> [Problem description]
Pictures stay out of the copy. Retype exactly the lines below from the one with "Минск прежде всего, поразил" through the one with "This individual lesson".

### Data extract

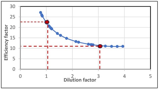 Figure 15 illustrates the relationship between wash loss and dilution factor computed from random disturbance. Washing loss and dilution factor are interrelated variables. For constant processing conditions and washing efficiency, the relationship of wash loss to dilution factor shows that as dilution factor increases, i.e., more wash water is used, the washing loss decreases, i.e., more dissolvable solids are recovered by washing. This figure also shows a diminishing return of dissolvable solids recovered as the dilution factor increases and more significant amounts of wash water are used. The concept of washing system efficiency, expressing the fraction of dissolved solids removed in the system, is calculated according to the Norden efficiency factor, E-factor [33]. With the notation used in the system dynamics model of the dissolved solids stream in Figure 13, the E-factor is calculated according to the formula:
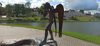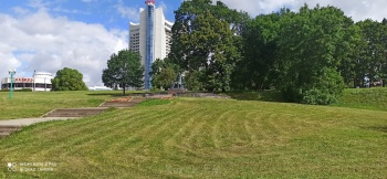 Минск прежде всего, поразил своей грандиозной архитектурой, огромные тротуары, широкие улицы и проспекты. Прохожие посоветовали пройтись по центру и сходить в музей великой отечественной войны, что мы с Анатолием и решили сделать. Мы вышли в центр города на огромную площадь, где себя чувствуешь лилипутом, все вокруг просто огроменное. По дороге, я купил газету с местными новостями и узнал, что в Беларуси скоро выборы, часть кандидатов в президенты или недопущены или сидят под следствием, из-за незадекларированных доходов, имущества и т.д скрытых при подаче заявки на выборы. Причем в Беларуси так и остались все те же названия, что и при СССР, КГБ, милиция. Причем я думаю белорусам забавно читать русские названия и наоборот русским белоруские, т. к у них милиция - это мiлiцыя, выборы-выбАры и так во всем языке, все вроде и похоже и не похоже на русский или украинский языки. Сам очень чистый, в парках есть туалеты, люди очень приветливые и доброжелательные.
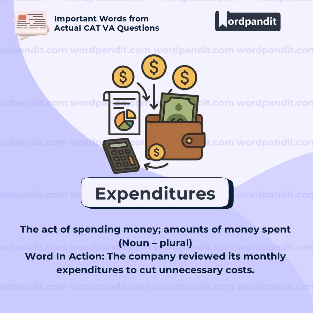 âExpendituresâ is a formal, financial word. Use it in place of everyday terms like âspendingâ when you want to sound more precise or professional. It's especially useful in writing about budgets, planning, or economic impact.
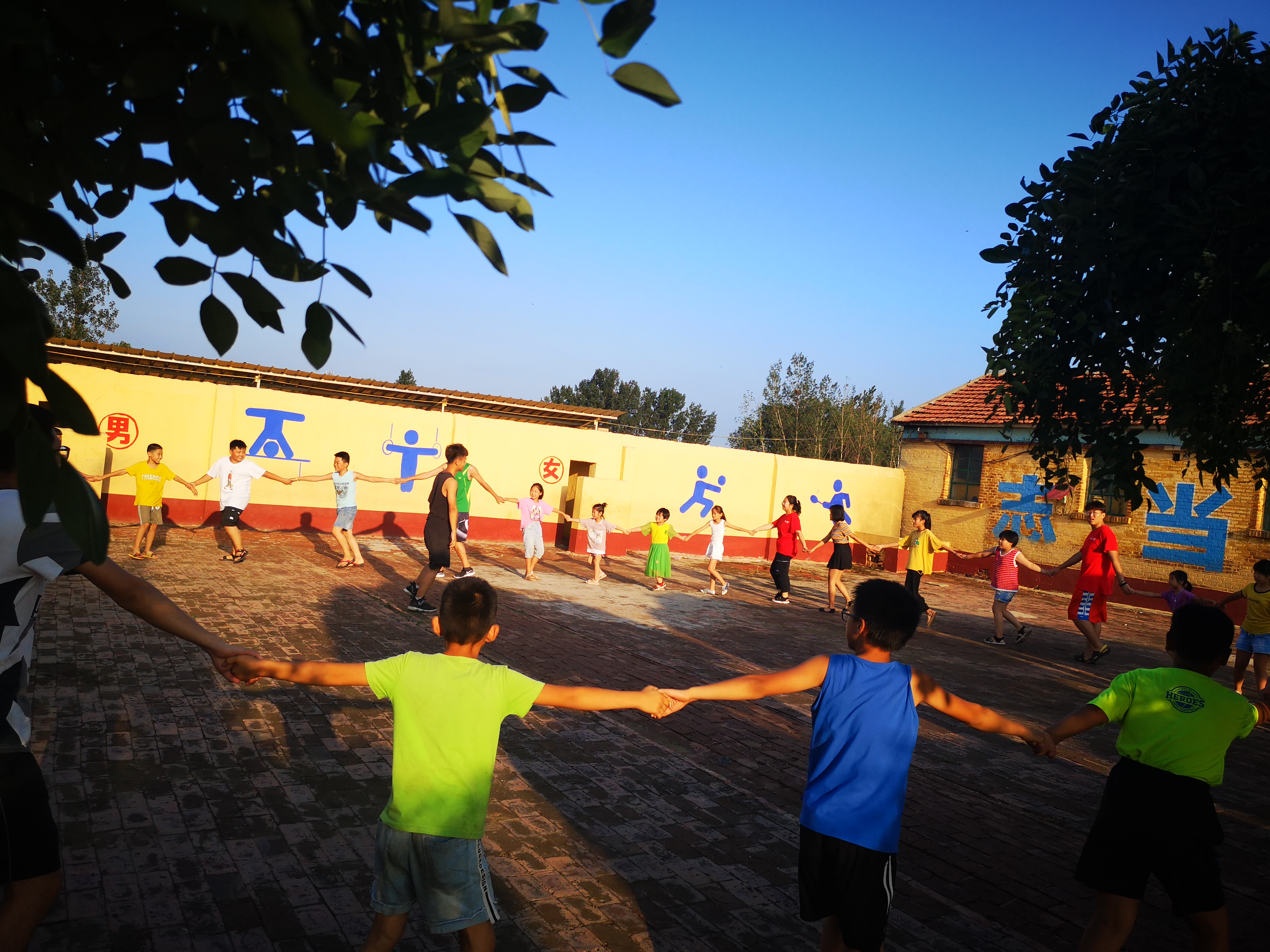 8月3日下午5点于吴街小学东侧操场,一群“小老师”和学生们传递着一颗篮球,荡漾着的是孩子们的笑脸,这就是多彩体育课的一部分。
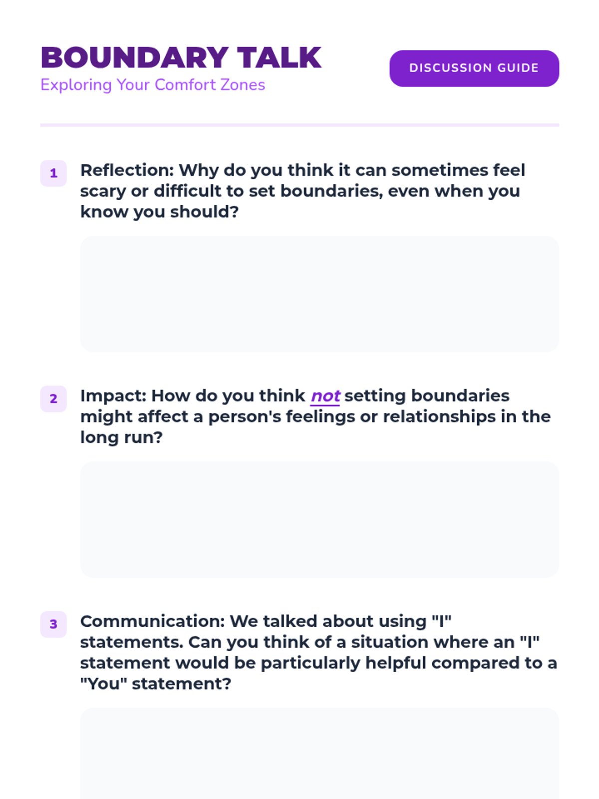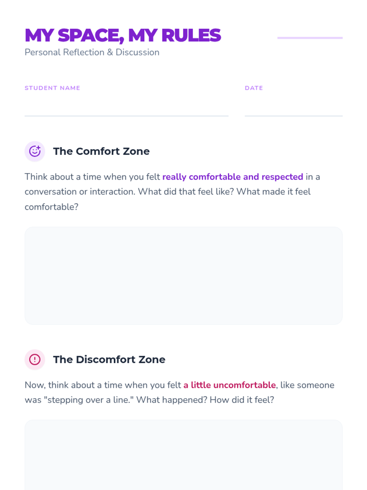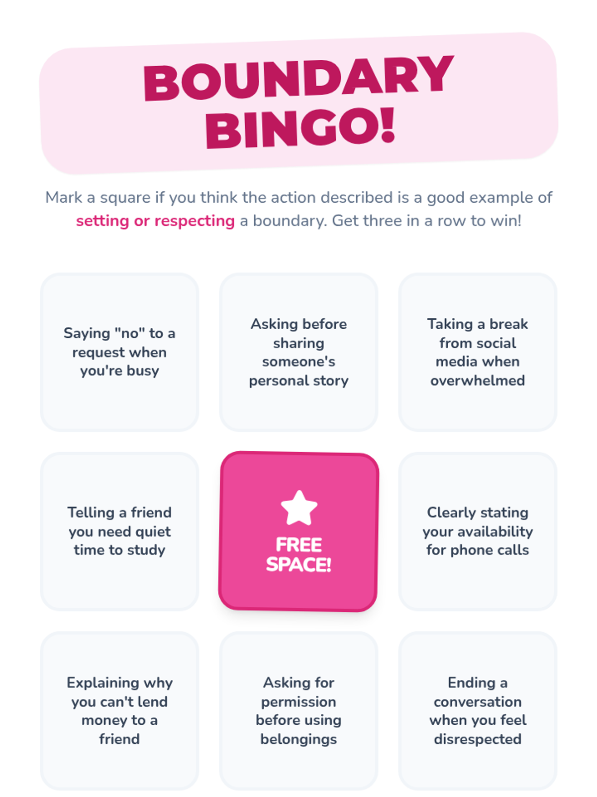 This individual lesson helps an 8th-grade female student understand and practice setting healthy boundaries in her relationships through engaging activities, discussions, and role-play.
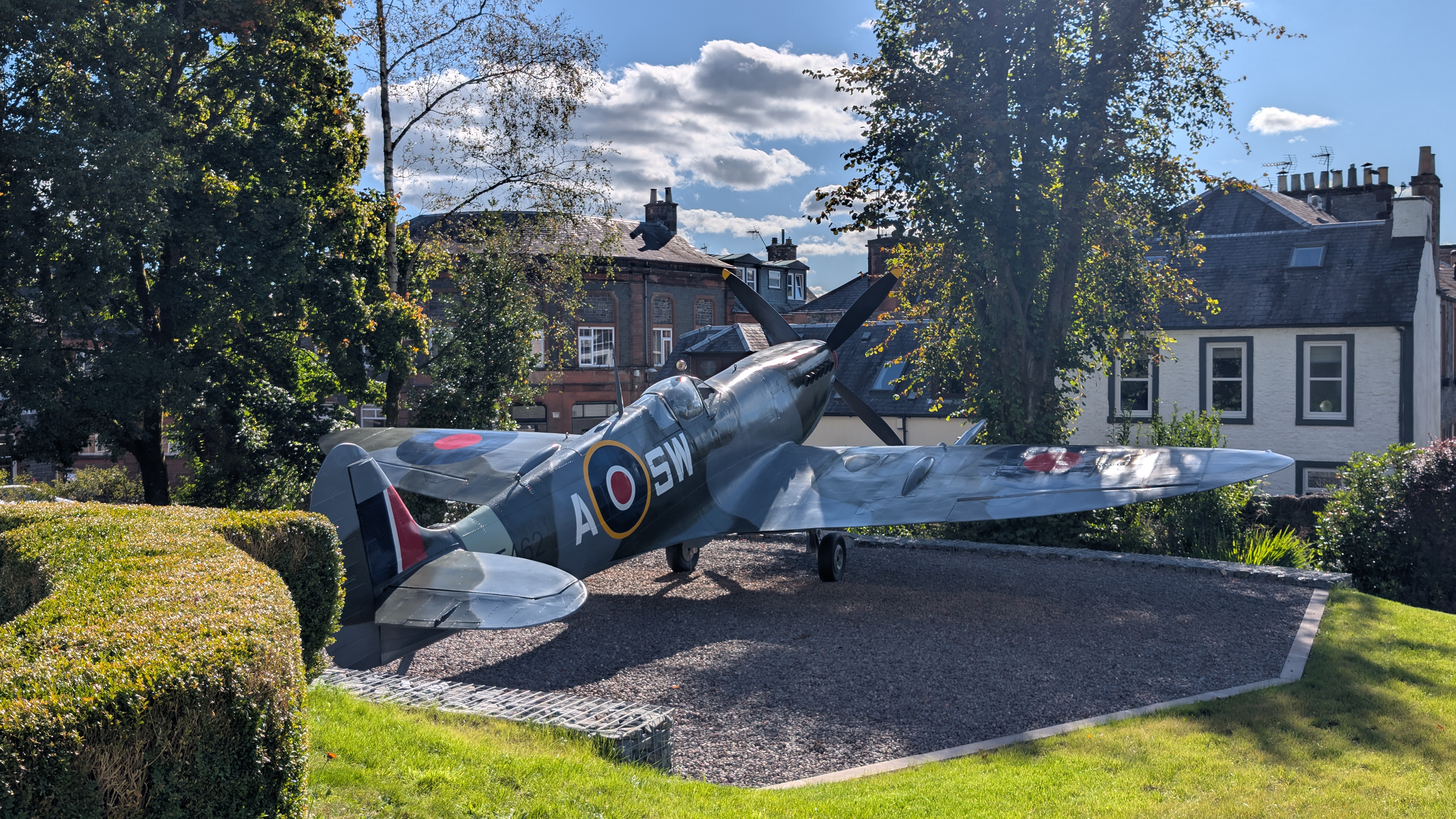 Here are a couple of photos of the hand built spitfire replica in moffat. The spitfire used to be in the garden of the Dr Hamish Macleod. The spitfire has now moved to a new home still with in moffat, and is now located at DG10 9AW, old well road in the town.

######

> [Answer box]
 Минск прежде всего, поразил своей грандиозной архитектурой, огромные тротуары, широкие улицы и проспекты. Прохожие посоветовали пройтись по центру и сходить в музей великой отечественной войны, что мы с Анатолием и решили сделать. Мы вышли в центр города на огромную площадь, где себя чувствуешь лилипутом, все вокруг просто огроменное. По дороге, я купил газету с местными новостями и узнал, что в Беларуси скоро выборы, часть кандидатов в президенты или недопущены или сидят под следствием, из-за незадекларированных доходов, имущества и т.д скрытых при подаче заявки на выборы. Причем в Беларуси так и остались все те же названия, что и при СССР, КГБ, милиция. Причем я думаю белорусам забавно читать русские названия и наоборот русским белоруские, т. к у них милиция - это мiлiцыя, выборы-выбАры и так во всем языке, все вроде и похоже и не похоже на русский или украинский языки. Сам очень чистый, в парках есть туалеты, люди очень приветливые и доброжелательные.
 âExpendituresâ is a formal, financial word. Use it in place of everyday terms like âspendingâ when you want to sound more precise or professional. It's especially useful in writing about budgets, planning, or economic impact.
 8月3日下午5点于吴街小学东侧操场,一群“小老师”和学生们传递着一颗篮球,荡漾着的是孩子们的笑脸,这就是多彩体育课的一部分。
 This individual lesson helps an 8th-grade female student understand and practice setting healthy boundaries in her relationships through engaging activities, discussions, and role-play.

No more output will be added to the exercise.